Open the Registry and find HKEY Local machine > right click on it, and from drop down menu, chick Expand
You should now be able to now RIGHT click on Software and click Expand in Menu.
You now have a alphabetical list, look for AVG and look for Ewido
By right clicking on the service/program, you have the DELETE option. Delete all Ewido and AVG.

When finished REBOOT.
Check registry again...all avg & ewido should be gone.
You are now free to do a AVG download

If you have Ewido, and remove it, REBOOT and start your download. It should install over any existing AVG files


----------



## Lori 1

Thank you, I got to my Registry by going to start, Run, typing in regedit, is this correct? If so, I didn't find any AVG programs or Ewido.


----------



## blues_harp28

Have you tried Uninstalling then reinstalling?


----------



## blues_harp28

Also check.
http://www.fixya.com/support/t632063-action_failed_file_avgwdsvc_exe


----------



## Lori 1

Yes I've installed and uninstalled it a number of times over the last month, including just a few minutes ago and still get the same error message. This is so frustrating

But for some odd reason I can't uninstall it now from add and remove, cause it won't install. I've tried downloading it to my desktop plus to my program folders and it won't install either way.


----------



## Lori 1

Thank you, it looks as though I'm not the onlyone having this problem. Do you have any idea what this means? Error 0x800736b1 AVG - resolved by START-RUN-services.msc - WINDOWS INSTALLER -make it automatic and start it.

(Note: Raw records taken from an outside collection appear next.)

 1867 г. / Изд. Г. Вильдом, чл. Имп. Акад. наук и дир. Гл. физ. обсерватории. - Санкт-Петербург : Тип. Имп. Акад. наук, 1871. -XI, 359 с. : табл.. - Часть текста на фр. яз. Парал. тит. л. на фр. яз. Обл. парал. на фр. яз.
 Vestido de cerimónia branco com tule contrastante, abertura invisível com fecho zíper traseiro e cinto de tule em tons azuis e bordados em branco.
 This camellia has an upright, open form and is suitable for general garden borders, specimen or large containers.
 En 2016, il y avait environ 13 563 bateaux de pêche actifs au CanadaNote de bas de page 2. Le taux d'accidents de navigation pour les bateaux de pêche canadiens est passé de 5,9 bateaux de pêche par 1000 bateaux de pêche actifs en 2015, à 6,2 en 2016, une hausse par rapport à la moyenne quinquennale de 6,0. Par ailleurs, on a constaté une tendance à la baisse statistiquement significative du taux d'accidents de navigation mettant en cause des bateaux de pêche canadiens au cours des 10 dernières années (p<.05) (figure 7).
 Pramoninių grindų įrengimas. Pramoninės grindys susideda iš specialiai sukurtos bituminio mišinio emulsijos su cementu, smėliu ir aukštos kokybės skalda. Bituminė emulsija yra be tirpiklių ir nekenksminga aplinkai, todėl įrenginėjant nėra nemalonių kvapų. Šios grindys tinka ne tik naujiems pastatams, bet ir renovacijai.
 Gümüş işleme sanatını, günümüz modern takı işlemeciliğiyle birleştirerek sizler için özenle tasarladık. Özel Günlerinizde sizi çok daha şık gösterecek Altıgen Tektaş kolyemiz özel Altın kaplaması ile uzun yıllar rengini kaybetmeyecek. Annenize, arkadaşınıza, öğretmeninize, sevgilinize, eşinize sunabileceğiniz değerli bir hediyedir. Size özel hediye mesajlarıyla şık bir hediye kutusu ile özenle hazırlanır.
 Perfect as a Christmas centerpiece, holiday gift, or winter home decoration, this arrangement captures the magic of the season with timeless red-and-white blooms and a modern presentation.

I mean......... how do I do this?


----------



## blues_harp28

That's part of Admin tools>services.
When did that pop up?

Avg should be set to Automatic.


----------



## ~Candy~

Hi Lori, long time no see, hope all is well, except this AVG problem.

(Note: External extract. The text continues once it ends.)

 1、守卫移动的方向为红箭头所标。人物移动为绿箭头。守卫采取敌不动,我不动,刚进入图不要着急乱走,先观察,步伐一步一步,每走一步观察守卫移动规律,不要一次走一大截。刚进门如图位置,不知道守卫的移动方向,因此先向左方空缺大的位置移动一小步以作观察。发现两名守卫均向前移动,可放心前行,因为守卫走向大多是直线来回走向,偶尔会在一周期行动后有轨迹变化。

Go to the start button, select run, then type services.msc --- you'll see Windows Installer. Look to see if it's disabled? If you see it and it's already stopped, choose to start it, if it's started, stop it and restart it. And then be sure it's set to automatic.


----------



## hammer1

Maybe, just maybe, where are you downloading AVG 8 from.Could be the problem.

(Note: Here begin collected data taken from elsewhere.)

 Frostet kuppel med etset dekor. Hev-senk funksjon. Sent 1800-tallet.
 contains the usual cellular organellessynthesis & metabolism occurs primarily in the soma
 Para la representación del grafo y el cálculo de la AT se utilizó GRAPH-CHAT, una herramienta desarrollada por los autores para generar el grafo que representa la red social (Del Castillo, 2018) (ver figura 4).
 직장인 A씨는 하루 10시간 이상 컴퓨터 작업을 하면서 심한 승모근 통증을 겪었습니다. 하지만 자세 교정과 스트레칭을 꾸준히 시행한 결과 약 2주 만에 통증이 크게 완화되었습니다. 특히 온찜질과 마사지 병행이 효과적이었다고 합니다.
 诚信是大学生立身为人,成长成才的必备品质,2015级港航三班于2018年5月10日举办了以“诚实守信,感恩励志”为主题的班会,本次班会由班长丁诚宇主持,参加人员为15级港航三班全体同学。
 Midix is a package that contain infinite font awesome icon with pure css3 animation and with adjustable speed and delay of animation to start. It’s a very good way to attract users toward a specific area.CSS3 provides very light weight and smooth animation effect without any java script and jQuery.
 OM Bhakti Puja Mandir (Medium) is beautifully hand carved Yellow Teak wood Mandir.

Just in case, try a download from here:

http://majorgeeks.com/AVG_AntiVirus_Free_Edition_d886.html


----------



## mtzlplex

I believe I would go to the link I list here: http://www.grisoft.com/ww.download-tools it is AVG`s own removal tool, which will remove all traces of AVG including registry items you might not have found in your searches. After you run it, their should be no trace of AVG on your computer. If that is what your problem was, you should now be able to install AVG 8.


----------



## Blackmirror

Would this be a job for revo uninstaller

http://www.revouninstaller.com/

I didnt realise AVG had their own tool 
we were posting at the same time


----------



## Lori 1

Hi Candy, wow I'm in a real mess here and my head is really spinning from it all, But I thank everyone for there responses. I have the services open but don't have a clue as what to do. ( it's the first time I've ever had that open) and am afraid to make any changes cause I don't know what I'm doing in there. I see the Windows installer the start up type is Manual and there's nothing where it says status. I'm really confused.
Also I've downloaded AVG from different links.


----------



## Lori 1

Ok I think I figured the windows installer out and set it to automatic, and am going to try and install AVG again, will let ya know, shortly............


----------



## ~Candy~

Lori 1 said:


> Hi Candy, wow I'm in a real mess here and my head is really spinning from it all, But I thank everyone for there responses. I have the services open but don't have a clue as what to do. ( it's the first time I've ever had that open) and am afraid to make any changes cause I don't know what I'm doing in there. I see the Windows installer the start up type is Manual and there's nothing where it says status. I'm really confused.
> Also I've downloaded AVG from different links.


Just change it to automatic.


----------



## Lori 1

I've done everything that was suggested here. I downloaded AVG from major geeks........... again and still no luck.


----------



## mtzlplex

Well, if using AVGs own removal tool I suggested didn`t help, and nothing is working via the windows installer suggestions, you could for an experiment download a different free AV, ie Avast/Avira, and see if you can do an install of one of those. If so, at least you will have a AV on your computer, if that install also fails, and it tells you why, you have at least narrowed it down to it either being a AVG problem, or not being one.


----------



## ~Candy~

After you made the registry change, did you reboot?


----------



## hammer1

Lori:
Are you using ZoneAlarm Firewall by any chance ? If so, go Firewall setting> Advanced> and reset to MEDIUM rather than HIGH.
Other than that the only thing I can think of is Lighting Seven candles and dancing around a dead cat
Good Luck


----------



## Lori 1

hammer1 said:


> Lori:
> Are you using ZoneAlarm Firewall by any chance ? If so, go Firewall setting> Advanced> and reset to MEDIUM rather than HIGH.
> Other than that the only thing I can think of is Lighting Seven candles and dancing around a dead cat
> Good Luck


No, I stopped using ZoneAlarm back when the Windows update caused people including myself major problems. I'm using Windows Firewall now. I downloaded AVG again and got this while trying to install it. This makes no sense to me.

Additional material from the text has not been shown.